**What the exercise asks:**
Leaving the images out, output each entry below exactly.

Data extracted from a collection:
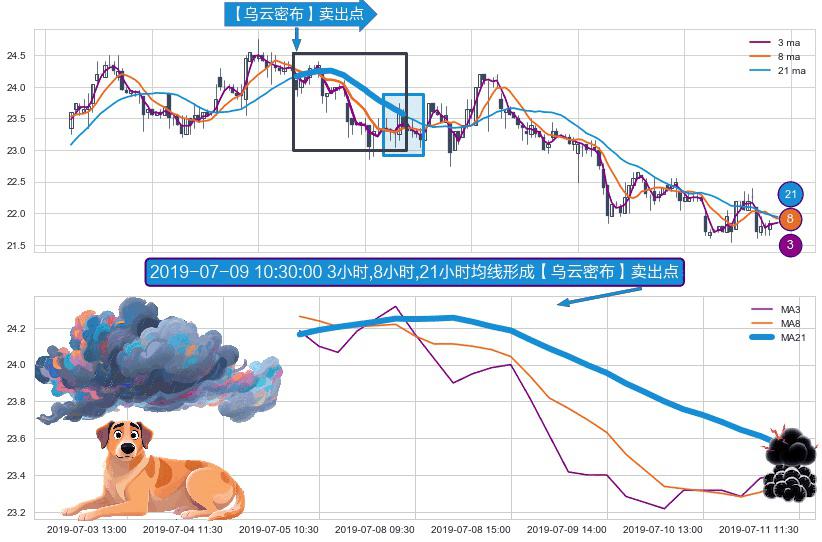 ⚀ 2019-07-05 09:30:00小时-2019-07-11 10:30:00小时显现 3小时-8小时-21小时均线 【乌云密布】卖出点 看空信号,后市看跌,卖出
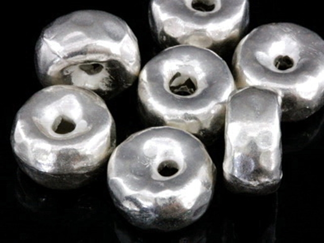 KV-034 Thai karen hill tribe silver 2 hammered wheel shape bead
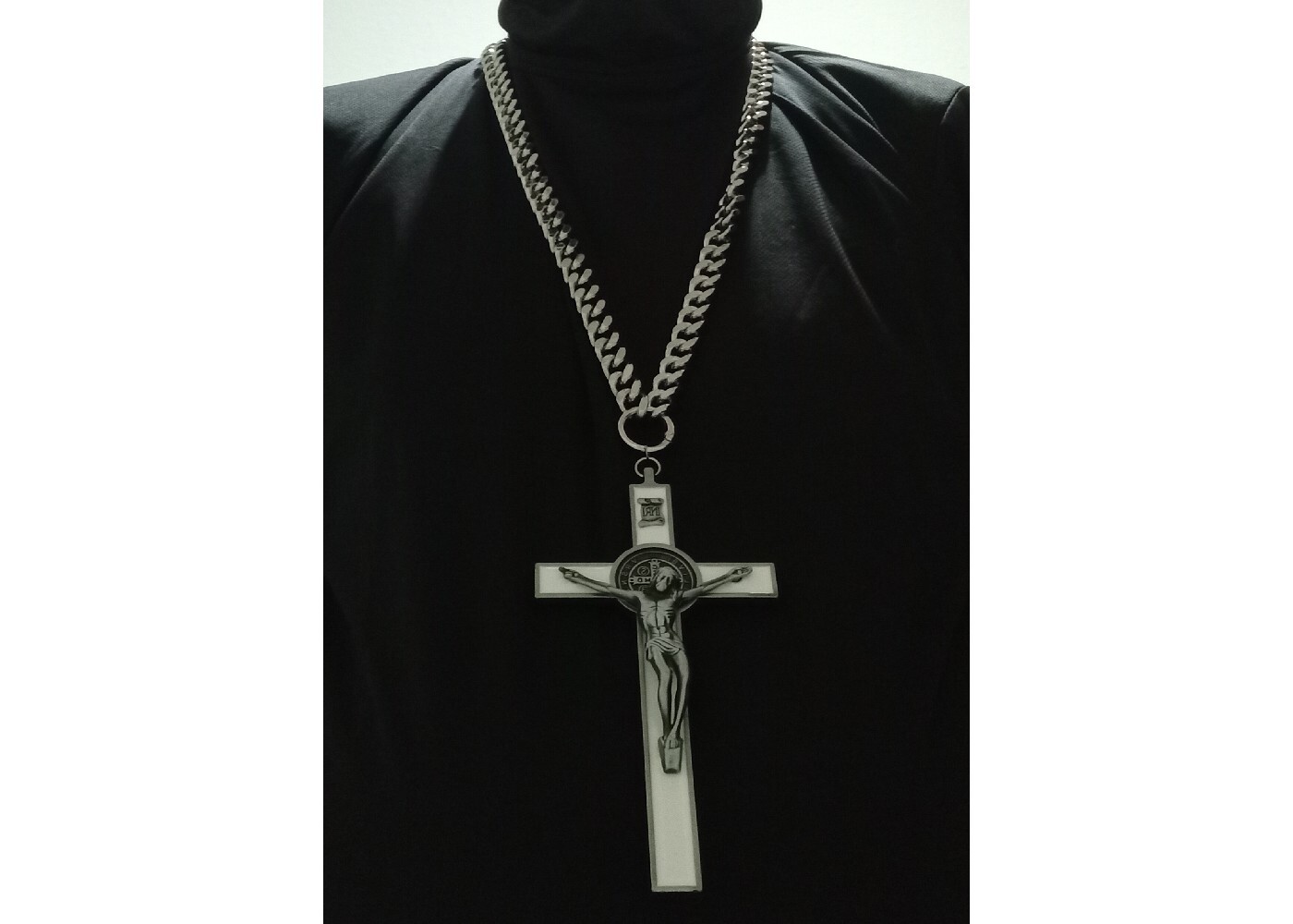 Diese Halskette mit dem sehr großen Kreuz ist sehr prunkvoll elegant und stellt etwas dar. Diese Halskette ist sehr einfach anzuziehen - Einfach überden Kopf ziehen und das prunkvolle Kreuz ausrichten. Ein kleines Armband mit ca.80g ist auch dabei und nicht zu vergessen "Das Zubehör" Ich wünsche ganz viel Spass beim tragen.
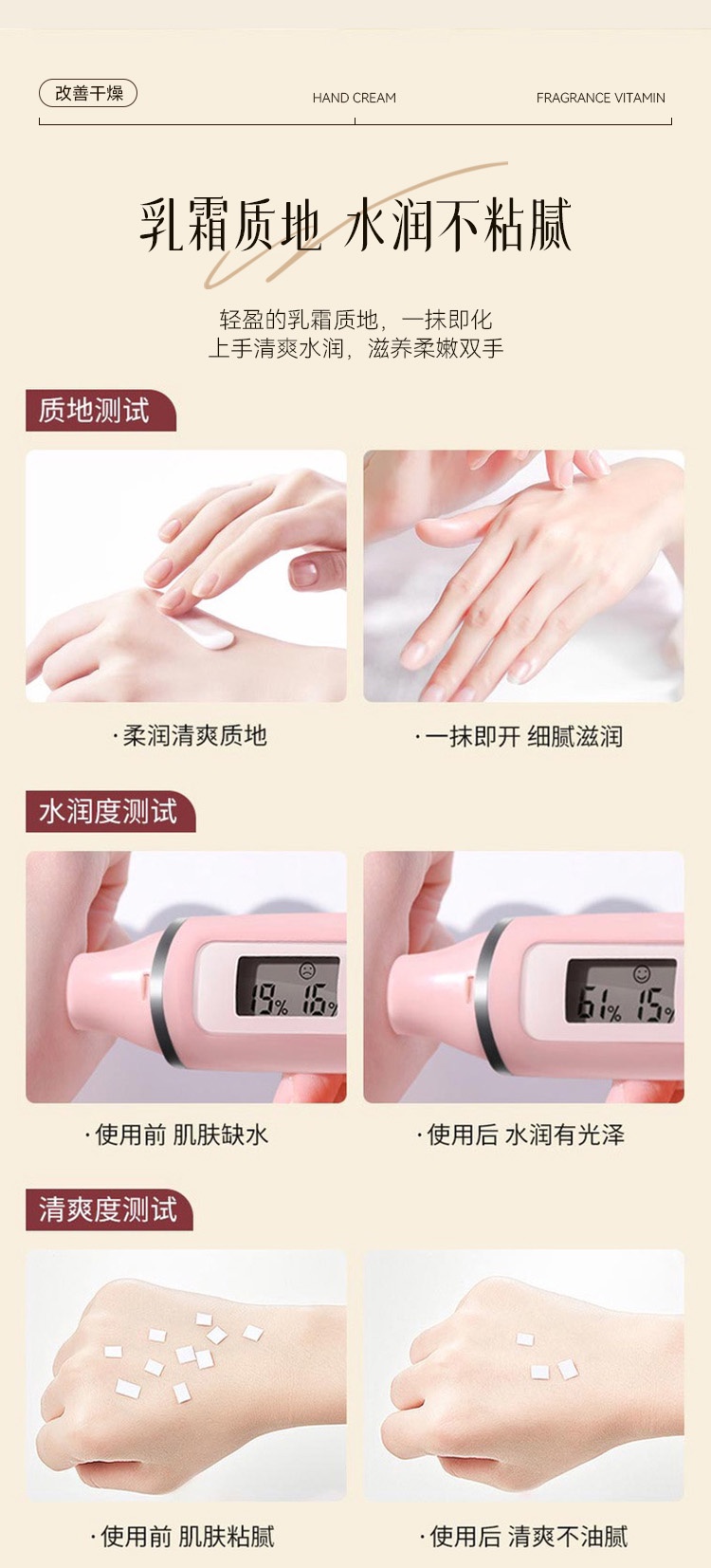 补水保湿,涂完后双手水润滑嫩
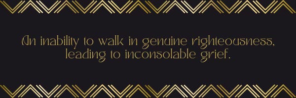 An inability to walk in genuine righteousness, leading to inconsolable grief.
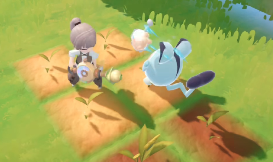 咱们需要开垦出6块土地。咱们尽量按照正方形来进行开垦,这样咱们在进行浇水的时候也会方便一点。在开垦完毕之后咱们需要和旁边的浇水米姆进行对话,之后将其安排进入工作站,之后便可以让它帮助我们对土地来进行浇水了。在浇水之前咱们首先需要进行播种,这里可以使用播种器来对土地进行播种,前期的种子咱们选择星星小麦种子即可。在完成后浇水米姆便会给我们进行浇水。
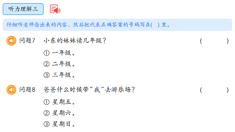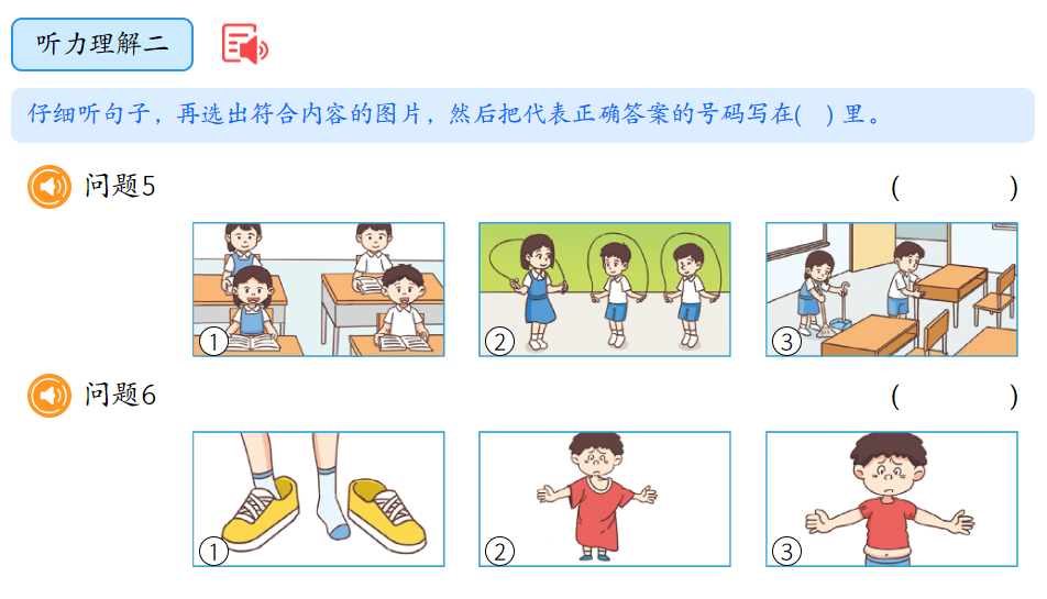 eListening Comprehensions practices are grouped and differentiated according to question types for each level.
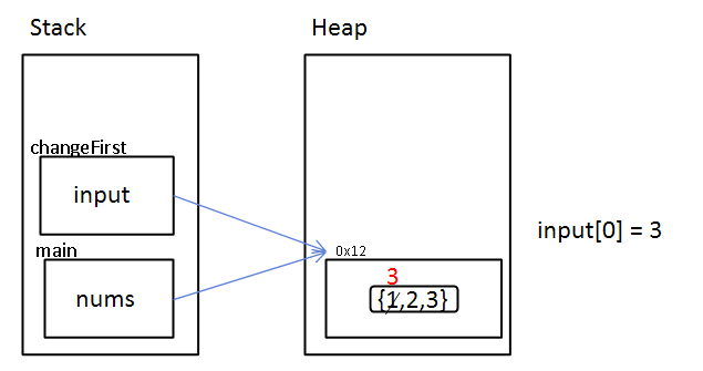 changeFirst 함수가 호출되면서 스택에 쌓이고 input 매개변수가 메인함수의 nums의 값이 전달되었다. 그러므로 nums와 input이 갖고 있는 값(주소)이 같아지므로 서로 바라보고 있는 값이 동일하다. 그러므로 input[0]의 값을 변경했을 때 nums의 실제 값도 변경되는 것을 확인 할 수 있다.
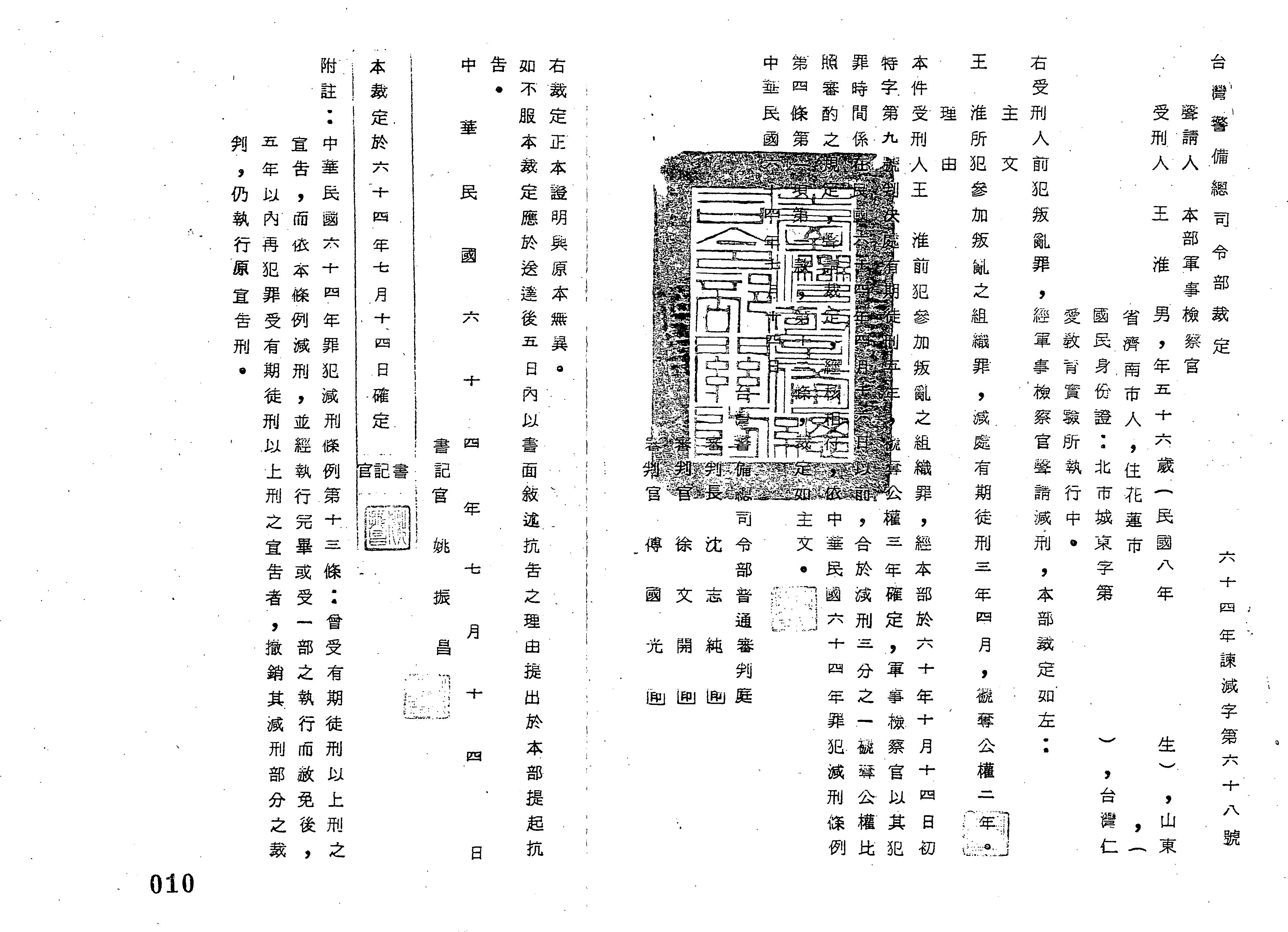 裁判書主文/要旨:王淮所犯「參加叛亂之組織罪」,減處有期徒刑3年4月,褫奪公權2年。
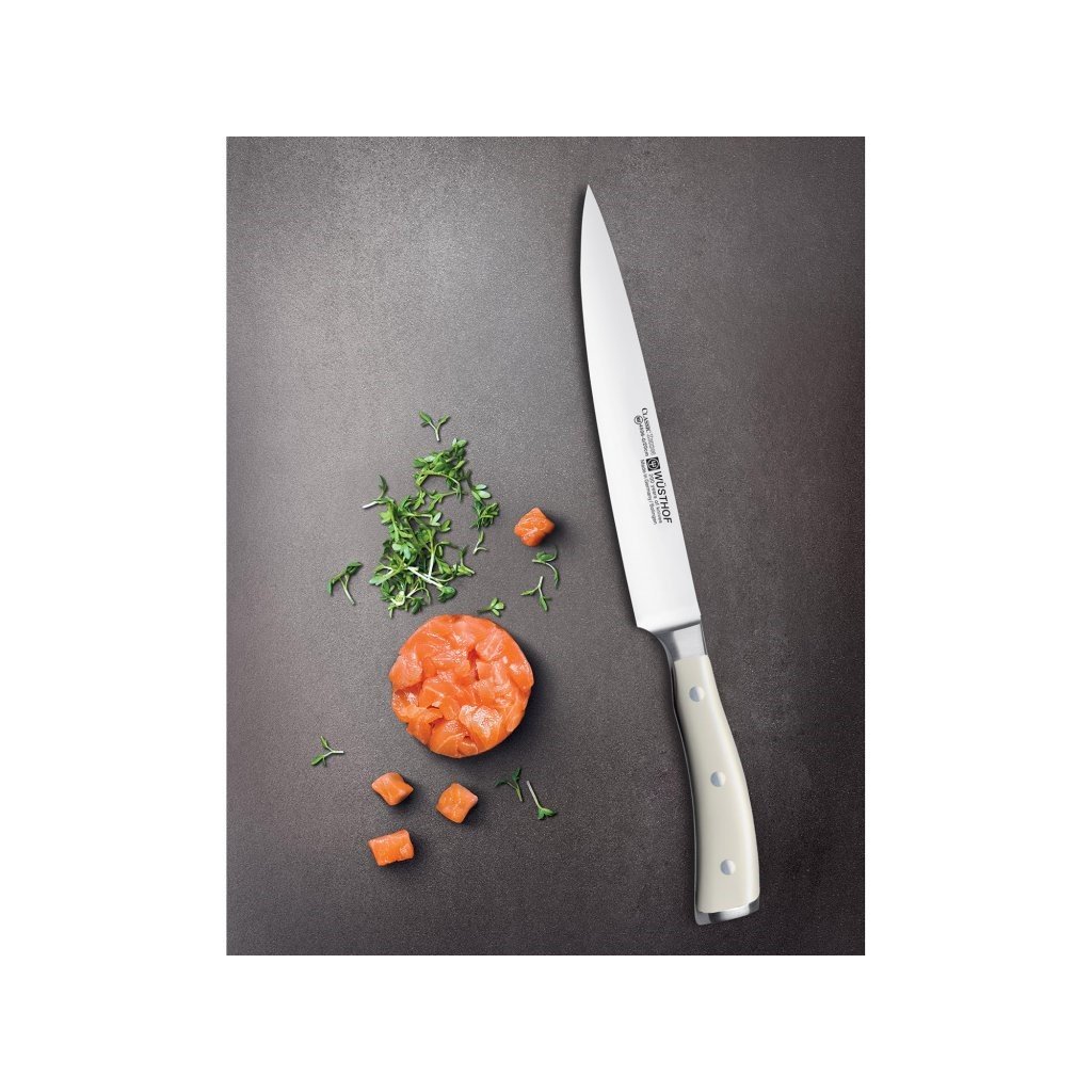 Nóż do mięsa Classic Ikon crème to smukły nóż z mocnym, długim ostrzem i delikatną krawędzią. Nadaje się do przygotowywania wszystkich rodzajów mięsa oraz do porcjowania pieczeni.

**Answer to this exercise:**
 ⚀ 2019-07-05 09:30:00小时-2019-07-11 10:30:00小时显现 3小时-8小时-21小时均线 【乌云密布】卖出点 看空信号,后市看跌,卖出
 KV-034 Thai karen hill tribe silver 2 hammered wheel shape bead
 Diese Halskette mit dem sehr großen Kreuz ist sehr prunkvoll elegant und stellt etwas dar. Diese Halskette ist sehr einfach anzuziehen - Einfach überden Kopf ziehen und das prunkvolle Kreuz ausrichten. Ein kleines Armband mit ca.80g ist auch dabei und nicht zu vergessen "Das Zubehör" Ich wünsche ganz viel Spass beim tragen.
 补水保湿,涂完后双手水润滑嫩
 An inability to walk in genuine righteousness, leading to inconsolable grief.
 咱们需要开垦出6块土地。咱们尽量按照正方形来进行开垦,这样咱们在进行浇水的时候也会方便一点。在开垦完毕之后咱们需要和旁边的浇水米姆进行对话,之后将其安排进入工作站,之后便可以让它帮助我们对土地来进行浇水了。在浇水之前咱们首先需要进行播种,这里可以使用播种器来对土地进行播种,前期的种子咱们选择星星小麦种子即可。在完成后浇水米姆便会给我们进行浇水。
 eListening Comprehensions practices are grouped and differentiated according to question types for each level.
 changeFirst 함수가 호출되면서 스택에 쌓이고 input 매개변수가 메인함수의 nums의 값이 전달되었다. 그러므로 nums와 input이 갖고 있는 값(주소)이 같아지므로 서로 바라보고 있는 값이 동일하다. 그러므로 input[0]의 값을 변경했을 때 nums의 실제 값도 변경되는 것을 확인 할 수 있다.
 裁判書主文/要旨:王淮所犯「參加叛亂之組織罪」,減處有期徒刑3年4月,褫奪公權2年。
 Nóż do mięsa Classic Ikon crème to smukły nóż z mocnym, długim ostrzem i delikatną krawędzią. Nadaje się do przygotowywania wszystkich rodzajów mięsa oraz do porcjowania pieczeni.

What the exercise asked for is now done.